AlternativeUlster said:
Glad you saw these, some of my favorites of 2009. Agreed about Alexandra being awesome and Police, Adj. being a bore. I need to see The Beat My Heart Skipped.
Snowman Prophet of Doom said:
The Red Desert (Michelangelo Antonioni, 1968)
I love Antonioni. Have you seen his trilogy that precedes Red Desert? I think they're some of the best films ever made. L'eclisse is probably in my top 10 of all time.
jarosh said:
Looks great, I'll check it out.
Timber said:
Mouchette (1967)
The Killing of a Chinese Bookie (1976)
Modern Times (1936)
Citizen Kane (1941)
Awesome films and I loved your smart, enthusiastic reviews. My favorite Chaplin will always be City Lights, but that was the first one I saw as well.
I'm really enjoying all your thoughts on foreign and classic films, so I'll try to give mine, at least what I've seen semi-recently.
The Asthenic Syndrome (Muratova) - 10/10
- My second Muratova film went down easier. It's a strange and challenging film, but it's also clearly a masterpiece that rewards your attention many times over. Insanity, apathy and aggression under perestroika. A (metonymic) snake living in a person's belly, sucking his life away. An obese woman playing Strangers in the Night on trumpet. But any attempt to describe it is in vain. High art. Subtitles are available online.
Yeelen (Cisse) - 10/10, rewatch
- Still the greatest African film I've ever seen. As great and important as anything in this thread. Profound and magical, it's a film so beautiful and well made it locks in your attention for its entire duration.
A Moment of Innocence (M. Makhmalbaf) - 10/10
- Another masterpiece. I'm making them seem common. It's a cinematic deconstruction of an event in Makhmalbaf's life and an event in history. Through the process of filming a reenactment, the real thoughts and emotions of the original characters are brought out. Unforgettable ending.
The Graduate (Nichols) - 6/10
- A vacuous film with a vacuous protagonist that expects its audience to identify with him. It had some nice stylistic flourishes, but I still didn't like it very much on the whole.
Travellers (Beyzai) - 5/10 :'(
- Huge disappointment after Bashu. More Parajanov-like cinematic wizardry, and a stunningly brilliant opening, but it couldn't redeem the painful, soft-headed melodrama that followed.
Ratcatcher (Ramsay) - 9/10
- Beautiful.

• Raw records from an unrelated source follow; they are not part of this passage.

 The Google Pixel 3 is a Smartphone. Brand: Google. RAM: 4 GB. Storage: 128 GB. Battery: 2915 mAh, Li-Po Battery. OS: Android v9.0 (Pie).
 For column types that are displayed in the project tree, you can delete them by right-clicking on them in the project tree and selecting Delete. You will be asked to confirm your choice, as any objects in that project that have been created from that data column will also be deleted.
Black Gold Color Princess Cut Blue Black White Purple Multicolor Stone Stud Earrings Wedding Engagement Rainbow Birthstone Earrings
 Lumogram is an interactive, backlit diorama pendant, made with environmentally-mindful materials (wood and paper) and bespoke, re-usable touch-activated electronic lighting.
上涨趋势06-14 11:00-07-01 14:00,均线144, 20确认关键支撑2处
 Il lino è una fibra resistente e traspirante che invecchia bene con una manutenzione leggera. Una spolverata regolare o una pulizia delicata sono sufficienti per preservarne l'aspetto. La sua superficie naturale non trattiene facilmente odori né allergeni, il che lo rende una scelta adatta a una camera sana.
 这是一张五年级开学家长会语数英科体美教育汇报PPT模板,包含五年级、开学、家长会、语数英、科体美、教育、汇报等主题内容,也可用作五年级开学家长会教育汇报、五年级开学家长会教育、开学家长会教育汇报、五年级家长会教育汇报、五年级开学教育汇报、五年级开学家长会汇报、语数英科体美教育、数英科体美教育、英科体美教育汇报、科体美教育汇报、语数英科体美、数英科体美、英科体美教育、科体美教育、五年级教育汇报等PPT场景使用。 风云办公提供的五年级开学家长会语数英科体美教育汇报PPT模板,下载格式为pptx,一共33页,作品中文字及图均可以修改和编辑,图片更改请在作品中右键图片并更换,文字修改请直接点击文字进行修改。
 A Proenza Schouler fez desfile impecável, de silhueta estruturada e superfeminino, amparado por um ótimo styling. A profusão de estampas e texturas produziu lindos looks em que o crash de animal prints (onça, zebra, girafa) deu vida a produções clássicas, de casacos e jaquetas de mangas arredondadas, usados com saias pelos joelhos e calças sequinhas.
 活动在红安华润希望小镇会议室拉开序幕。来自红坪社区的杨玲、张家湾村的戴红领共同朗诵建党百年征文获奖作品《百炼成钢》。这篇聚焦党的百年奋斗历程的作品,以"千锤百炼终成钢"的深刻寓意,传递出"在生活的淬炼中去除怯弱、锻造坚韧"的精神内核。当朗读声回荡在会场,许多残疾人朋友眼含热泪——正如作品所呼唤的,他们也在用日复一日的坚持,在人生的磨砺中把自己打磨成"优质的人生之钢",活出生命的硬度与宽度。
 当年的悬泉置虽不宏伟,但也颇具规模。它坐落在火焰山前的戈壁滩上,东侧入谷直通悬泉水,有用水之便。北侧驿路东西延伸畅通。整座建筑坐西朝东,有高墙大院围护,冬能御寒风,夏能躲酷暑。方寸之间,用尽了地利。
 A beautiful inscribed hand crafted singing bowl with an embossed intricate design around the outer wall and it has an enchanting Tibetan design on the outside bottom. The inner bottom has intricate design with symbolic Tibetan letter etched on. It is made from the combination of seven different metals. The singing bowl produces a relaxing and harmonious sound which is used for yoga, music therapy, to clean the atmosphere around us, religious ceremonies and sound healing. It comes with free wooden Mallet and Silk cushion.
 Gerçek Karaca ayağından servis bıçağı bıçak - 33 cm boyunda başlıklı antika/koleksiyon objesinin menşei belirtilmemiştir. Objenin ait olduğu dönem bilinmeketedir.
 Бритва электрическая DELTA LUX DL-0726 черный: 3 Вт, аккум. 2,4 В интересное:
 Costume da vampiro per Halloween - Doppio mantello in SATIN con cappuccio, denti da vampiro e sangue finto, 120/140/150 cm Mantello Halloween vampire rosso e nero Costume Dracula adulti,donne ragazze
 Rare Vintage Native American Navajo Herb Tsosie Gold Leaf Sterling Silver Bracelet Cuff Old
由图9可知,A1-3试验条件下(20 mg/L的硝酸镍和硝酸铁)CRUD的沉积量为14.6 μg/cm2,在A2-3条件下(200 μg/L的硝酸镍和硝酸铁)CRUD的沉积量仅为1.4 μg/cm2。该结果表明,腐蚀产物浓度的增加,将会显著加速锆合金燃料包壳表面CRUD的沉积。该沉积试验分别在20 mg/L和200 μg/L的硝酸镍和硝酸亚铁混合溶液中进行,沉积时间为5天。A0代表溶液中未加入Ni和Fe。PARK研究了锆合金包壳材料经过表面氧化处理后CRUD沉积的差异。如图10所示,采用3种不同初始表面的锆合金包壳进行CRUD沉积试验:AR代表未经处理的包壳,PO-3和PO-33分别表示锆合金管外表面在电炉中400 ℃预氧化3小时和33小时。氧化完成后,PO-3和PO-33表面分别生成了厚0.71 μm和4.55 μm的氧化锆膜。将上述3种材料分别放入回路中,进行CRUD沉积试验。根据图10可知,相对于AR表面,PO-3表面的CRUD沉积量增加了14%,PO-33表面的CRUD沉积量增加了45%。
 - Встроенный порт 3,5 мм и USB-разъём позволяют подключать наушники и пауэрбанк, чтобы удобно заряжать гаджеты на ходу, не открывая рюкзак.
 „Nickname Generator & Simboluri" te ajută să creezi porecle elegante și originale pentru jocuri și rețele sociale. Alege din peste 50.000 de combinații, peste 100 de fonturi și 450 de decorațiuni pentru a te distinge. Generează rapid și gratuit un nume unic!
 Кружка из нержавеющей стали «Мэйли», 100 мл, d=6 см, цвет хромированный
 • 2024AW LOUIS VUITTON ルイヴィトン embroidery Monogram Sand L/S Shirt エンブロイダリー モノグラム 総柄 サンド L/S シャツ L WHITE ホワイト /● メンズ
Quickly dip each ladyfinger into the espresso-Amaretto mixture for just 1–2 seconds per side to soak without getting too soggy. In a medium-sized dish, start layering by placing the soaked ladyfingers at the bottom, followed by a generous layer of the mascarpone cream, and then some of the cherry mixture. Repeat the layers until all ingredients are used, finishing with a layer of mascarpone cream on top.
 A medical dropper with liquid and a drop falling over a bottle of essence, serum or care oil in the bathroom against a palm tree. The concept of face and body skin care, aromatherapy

I think I liked it more than Morvern Callar, and I loved Morvern Callar. A modern Kes.
Ten Canoes (de Heer) - 8/10
- Atanarjuat in the swamp. Very pretty to look at. A pleasant but somewhat slight film, I think it offers relatively little except a glimpse into another culture.
I also saw a few more 2009 films,
24 City (Jia) - 10/10
- Possibly Jia's most successful film in terms of engaging the audience at the level of human stories. Boldly blends fiction and documentary. A historical document that's both moving and
exquisitely made, few directors can even come close. Time to throw it high on my list somewhere. Incredible film, as great as anything else this year.
The Song of Sparrows (Majidi) - 8/10
- Better than The Willow Tree, but still a little bit too predictable and sentimental. Great, poetic images and sympathetic characters. This film should have broad appeal.
Love Exposure (Sono) - 8/10
- Amazing. I thought I might hate it early on, and I was definitely thinking, "What the fuck am I watching?" during the upskirt-ninjitsu-montage, and it may be a bit incoherent thematically, and the characters may be shallow, but it's also extremely ambitious, highly entertaining and original. Brilliant how it brings together arthouse and exploitation, revenge and romance, perversion and religion, sin and piety (who is so practiced about sinning?), love and lust (totally conflated in protagonist), male and female (Scorpion). Some of the suggestive imagery is so clever---phallus-shaped cutouts topped with upside-down hearts, vulva-shaped windows with anus openings below)---that it makes perverts of the audience, which certainly helps the film achieve its ends. Ultimately more quirky than transgressive, and the conclusion was pretty weak. But the four hours flew by, time well spent.
Breathless (Yang Ik-joon) - 8.5/10
- Smarter than it first seems---all the violence and profanity serve to present a view of hatred and violence as a pathology that victimizes even the aggressors. Admirable in how it makes you pity the cruelest characters. I didn't really buy all the drama toward the end, but I enjoyed the film very much in spite of that. Loved the direction and the moody interludes. Excellent debut.
One 2009 film I still want to see is Tsai's film,
Face. I haven't seen it on any lists, and reviews are scant and unenthusiastic. Has anyone here seen it?